Especially after its blazing fourth-quarter report. Then, Alphabet reported advertising revenue of $19.08 billion. That was up 17% from the previous year and accounted for 89% of Alphabet’s $21.33 billion in revenue.
However, Google’s parent company badly missed earnings expectations Friday morning. GOOGL was off 5.6% that morning.
The company said that it suffered from a stronger dollar and increased spending to boost traffic for its mobile advertising services.
Alphabet reported adjusted per-share earnings of $7.50 on top of $20.26 billion in revenue. Wall Street expected top-line earnings of $7.97 on $20.37 billion in revenue.
The firm is still a behemoth in advertising. Alphabet said that its ad revenue surged 16.2% to $18.02 billion, while paid clicks increased by 29%.
That said, Google remains a primo long-term investment.
In fact, it’s a stock that you want to hold – almost – forever.
Few companies ever dominate their core markets the way Google does.
The firm went public in 2004 and today has a market cap of $486.8 billion. It also controls roughly 80% of online search in the United States – that’s market dominance on steroids.
And here’s some more. In 2007, Google launched its Android mobile operating system, and as of second-quarter 2015, Android commanded an 82.8% share of the smartphone operating system market, according to IDC.
To keep Google itself focused on its core mission, the company recently restructured. Under that plan, the Google operating unit includes search (of which it controls 64.4% of the market), Android, YouTube, and the Chrome web browser.
Alphabet will manage a growing list of non-web businesses. These include everything from building robots and self-driving cars to exploring opportunities in human longevity and virtual reality.
That leaves Google free to pursue its ambitious plans to become an “end to end” Internet firm.

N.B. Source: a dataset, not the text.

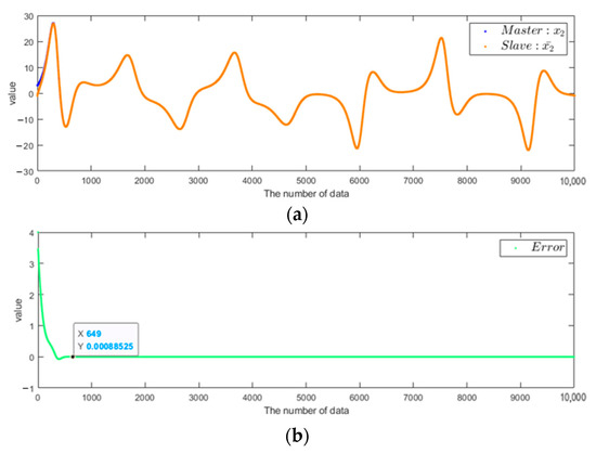 After the optimized parameters are obtained, the second states, and , of the master and slave, respectively, are found to be successfully synchronized, with an error of less than at approximately 649 iterations. Figure 6 shows diagrams of the second states of the master and slave with the PD controller as well as their errors.

The company’s goal is to deliver incredibly fast web speeds and, in so doing, transform Internet coverage and online streaming.
The Bottom Line
The truth is, investors expect a lot out of companies like Alphabet and Microsoft. And that means their stock prices are often volatile after earnings.
But because of their strong core businesses and growing revenue from new technologies, they will reward long-term investors. Over the last 12 months, Alphabet has soared 33.6%, and Microsoft is up 19.5% – and those climbs are going to continue for years to come.
And if you invest in these companies and others like them – like those in the Internet Dream Team – your wealth will continue to climb, too.